Instructions to follow: Word for word, print each record, dropping any image it holds.

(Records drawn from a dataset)
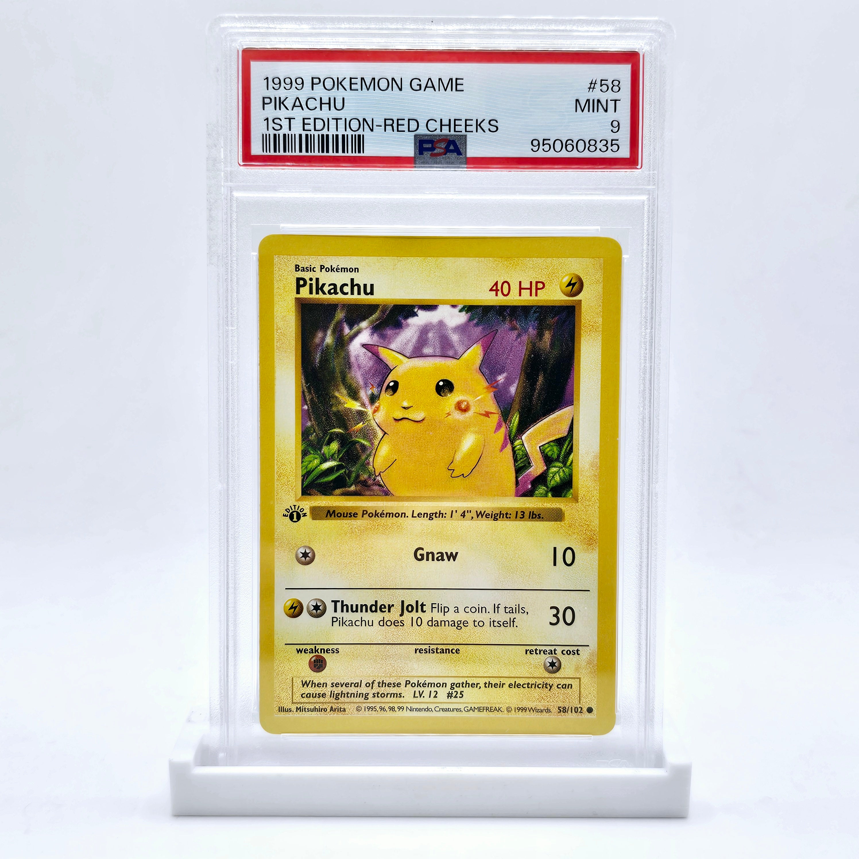 PSA 9 Pikachu Base Set 1st Edition - Red Cheeks Thick Stamp
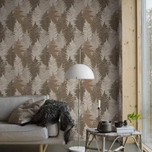 Den frodiga tapeten Fern Forest täcks av vackra ormbunksblad i ett tätt, sirligt mönster. På håll bildar bladverket en skog av ormbunkar i en fiskbensliknande mönsterbild. En vilsam tapet som skapar naturlig harmoni i rummet. Fin i till exempel sovrum eller vardagsrum.Här ser du Fern Forest i en jordig färgskala; olika nyanser av vitt, beige och brunt på gråbeige botten. Tapeten finns också i grönt, grått och beige på blekblå botten!
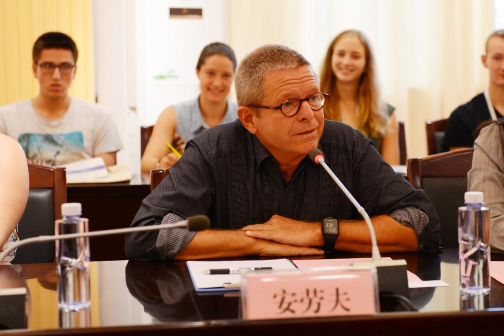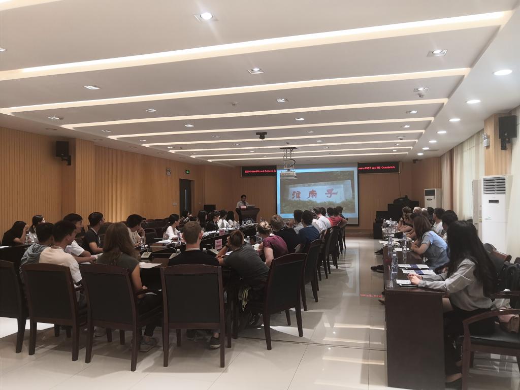 开幕式后,我校楚淮文化研究中心副教授、《淮南子》与道家道教研究所所长高旭为中德学子作了题为《The Huainanzi and the Chinese Taoist Wisdom》的特色文化讲座。高旭向中德学子介绍了“共工触山”、“女娲补天”、“后羿射日”、“嫦娥奔月”中国古代著名的四大神话,并从校园道路命名、八公山淮南鸿烈雕塑等方面深入浅出地介绍了《淮南子》中蕴含的中华文化精神。
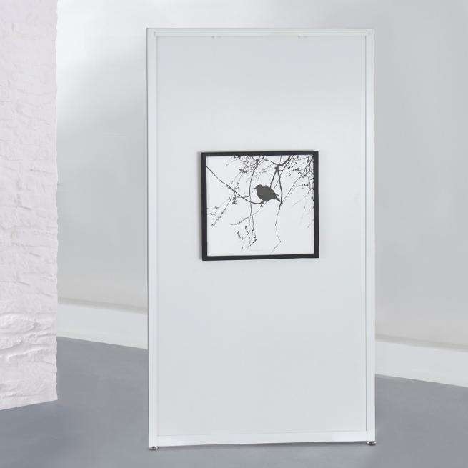 Sie erhalten die Ausstellungswand mit einer Füllplatte aus magnetischem Stahlblech und einem einfassenden Aluminiumrahmen. Die Wand besitzt beidseitig eine Aluminiumschiene (Galerieleiste) samt Hängevorrichtung aus fast unsichtbaren Nylonschnüren, dank der Sie Kunstwerke und andere passende Ausstellungsobjekte bis zu einem Gewicht von 10 kg sicher befestigen und überzeugend präsentieren. Alternativ befestigen Sie geeignete Objekte, wie Planmaterial oder Zeichnungen, auch mithilfe von Magneten (nicht im Lieferumfang enthalten).
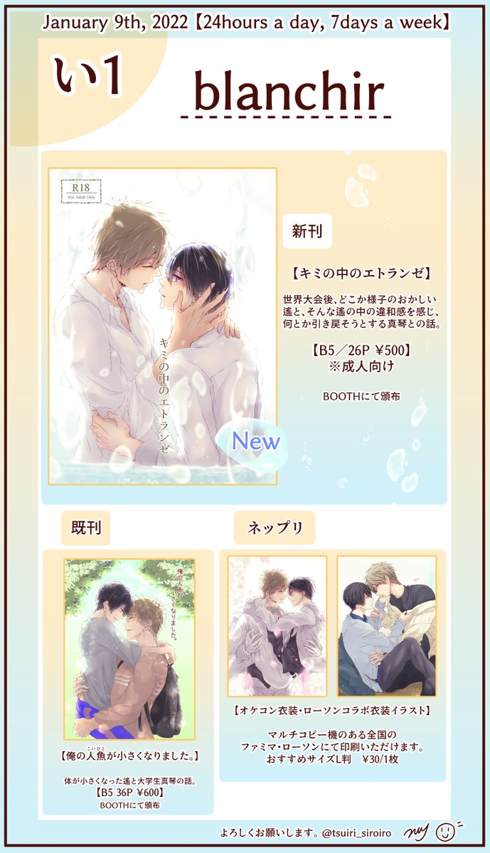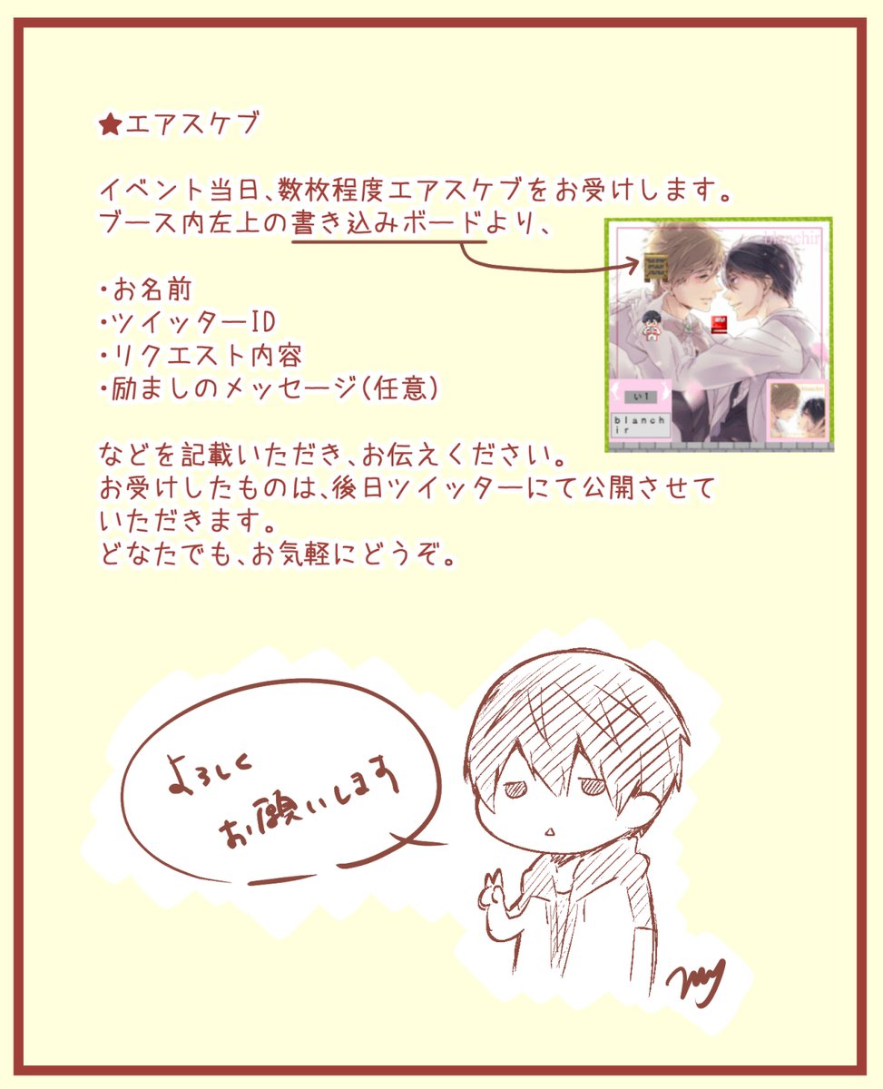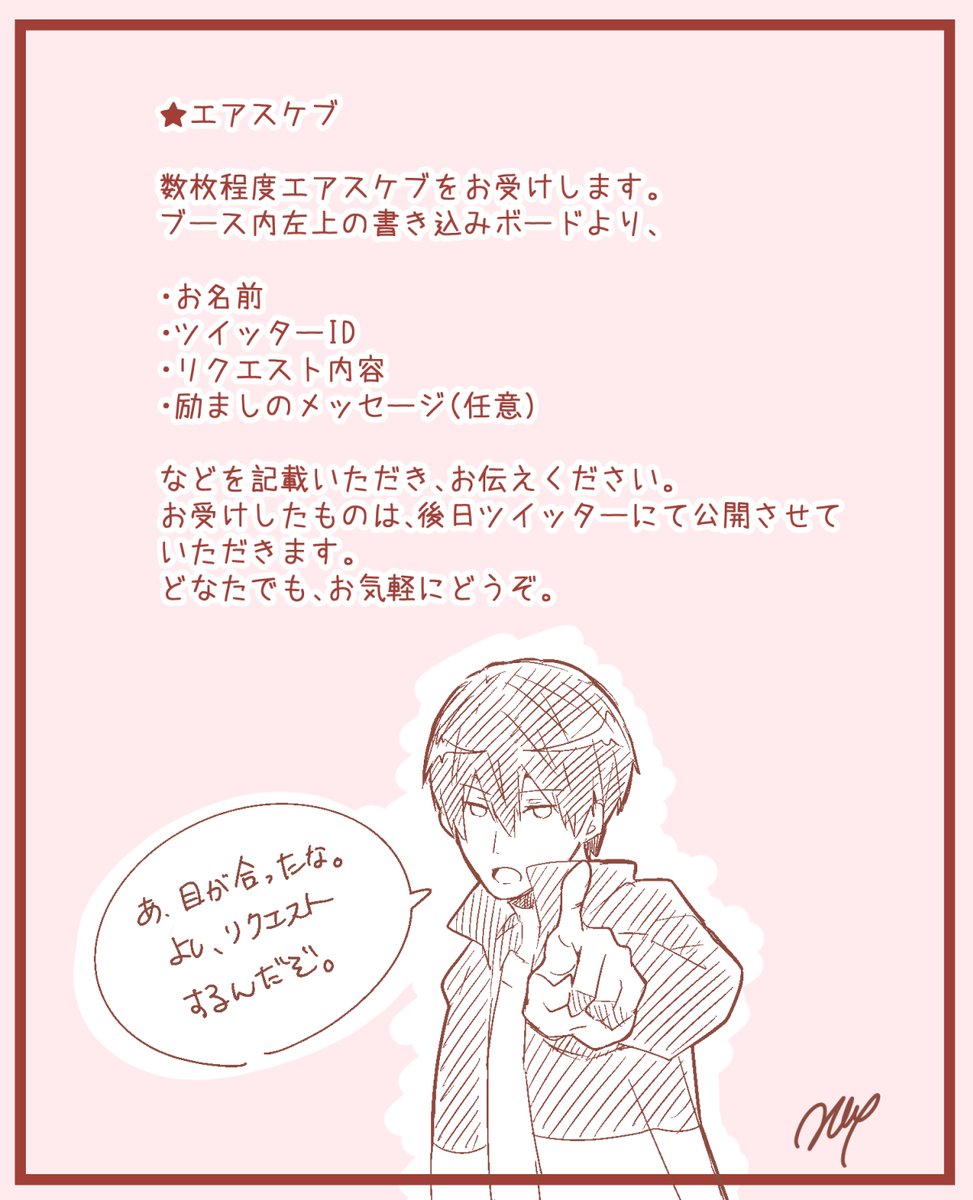 すみません、当日はイラスト展示のみとなってます。 配布物特にありません、すみません😖 当日本人はSPまたは会場内に居ると思いますのでもしよければエアスケブもやれればなと思ってます。 何もありませんがよろしくお願いします 。#mh24Seven_only

Exercise solution:
 PSA 9 Pikachu Base Set 1st Edition - Red Cheeks Thick Stamp
 Den frodiga tapeten Fern Forest täcks av vackra ormbunksblad i ett tätt, sirligt mönster. På håll bildar bladverket en skog av ormbunkar i en fiskbensliknande mönsterbild. En vilsam tapet som skapar naturlig harmoni i rummet. Fin i till exempel sovrum eller vardagsrum.Här ser du Fern Forest i en jordig färgskala; olika nyanser av vitt, beige och brunt på gråbeige botten. Tapeten finns också i grönt, grått och beige på blekblå botten!
 开幕式后,我校楚淮文化研究中心副教授、《淮南子》与道家道教研究所所长高旭为中德学子作了题为《The Huainanzi and the Chinese Taoist Wisdom》的特色文化讲座。高旭向中德学子介绍了“共工触山”、“女娲补天”、“后羿射日”、“嫦娥奔月”中国古代著名的四大神话,并从校园道路命名、八公山淮南鸿烈雕塑等方面深入浅出地介绍了《淮南子》中蕴含的中华文化精神。
 Sie erhalten die Ausstellungswand mit einer Füllplatte aus magnetischem Stahlblech und einem einfassenden Aluminiumrahmen. Die Wand besitzt beidseitig eine Aluminiumschiene (Galerieleiste) samt Hängevorrichtung aus fast unsichtbaren Nylonschnüren, dank der Sie Kunstwerke und andere passende Ausstellungsobjekte bis zu einem Gewicht von 10 kg sicher befestigen und überzeugend präsentieren. Alternativ befestigen Sie geeignete Objekte, wie Planmaterial oder Zeichnungen, auch mithilfe von Magneten (nicht im Lieferumfang enthalten).
 すみません、当日はイラスト展示のみとなってます。 配布物特にありません、すみません😖 当日本人はSPまたは会場内に居ると思いますのでもしよければエアスケブもやれればなと思ってます。 何もありませんがよろしくお願いします 。#mh24Seven_only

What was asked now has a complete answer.